Nice to see that layed off Googlers finally can do something useful.
Was that supposed to be a dig at me? If so, it was done improperly. I was never laid off from Google. I completed my two one-year contracts with them. Well, with their temp agency.
Well... Id only mention this may need some editing;"Don’t get smacked by the Google hammer for buying bargain basement link building services."Erm... that be the proverbial fly in the ointment. While I wouldnt go so far as calling comment spamming black hat (tired of the whole hat thing anyway), it is certainly yet another hole in the Google AIR dept IMO. You see since they cant hammer them do to the fact wed be setting the autobots on the enemy, it does often take time for them to sort it out either programming wise or human intervention (spam reports). Why is that important? Well, that means autobot 24/7 comment spamming can send a stream of (301d?) link love which makes it viable.So... theres the problem. Until Google actually catches up and devalues the links (which is generally all that would happen) those participating can still effectively get a benefit (from followed links). Hopefuly more broad based aproaches such as valuing links via page segmentation and link text ratios (of mean averages of identical link text) can help with the problem. At the moment, I dont think theyve gottent there and the link addiction will lead search engines to this sort of thing happening.Do I use commenting for link building? no... just not the types of links I am interested in... but I would say there is minimal value to be had when done right - and the risk minimal as the worst that can happen is devaluation of the links... not a penalty per se... ya know?And I am not saying tis to encourage the practice... simply that I wish search engines would get smarter....
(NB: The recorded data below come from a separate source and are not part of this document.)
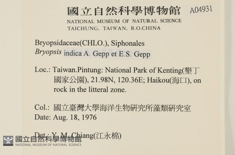 Collector:國立臺灣大學海洋生物研究所藻類研究室
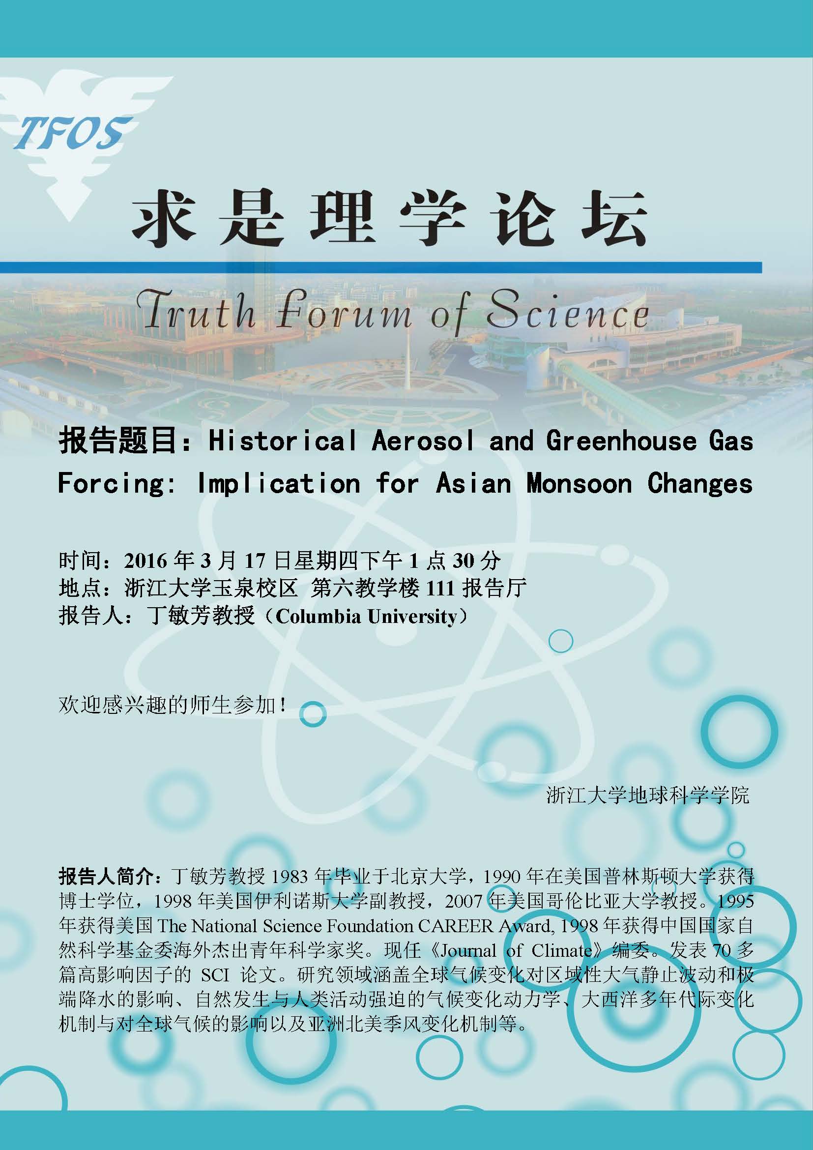 求是理学论坛――丁敏芳教授学术报告通知
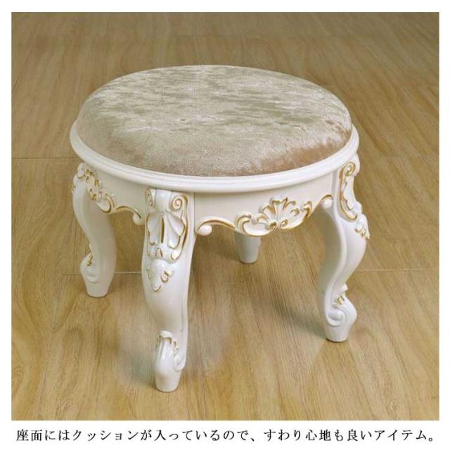 | 女性の方の化粧台の椅子に、玄関のちょっとしたスペースに腰掛ける用の椅子に、またはお子様の教育机の椅子など、用途は様々です! サイズがコンパクトな為移動の持ち運びも簡単! 座面にはクッションが入っているので、すわり心地も良いアイテム。 なんとなくノルディック柄をイメージしてしまう奢華なデザインのスツールです。 円形で角がないので、お子様がいるご家庭でも安心してお使いいただけます。 いすの表と4つの脚をネジで一緒に固定するだけで組み立てることができます。とても簡単です!(ツール付属あり) | |
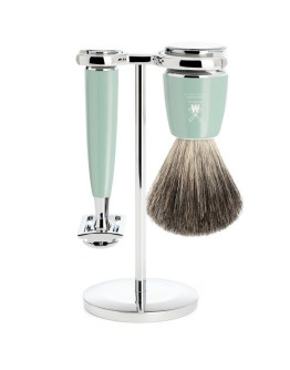 КупитьНабор для бритья из трех предметов: - Безопасная бритва со сменным лезвием. - Помазок для бритья с..

Im not sure I understand why you deemed that statement the proverbial fly in the ointment. Nevermind. Just double checked the Google Webmaster Guidelines and spam report form, and they dont say what I thought they said. So, er, yeah. I wont say anymore about the Google hammer on spam comments and my classification of such as spam. I dont have backup.
"simply that I wish search engines would get smarter...."This is the type of thing that blogs, websites, seo folks, etc will always have to deal with. Even though search engines are advancing their algorithms constantly, theres always the next form of spam that will undoubtedly arise to annoy the hell out of people, yet go unpunished by google. So you will get your wish, Im sure comment spam will get squashed by the search engines at some juncture.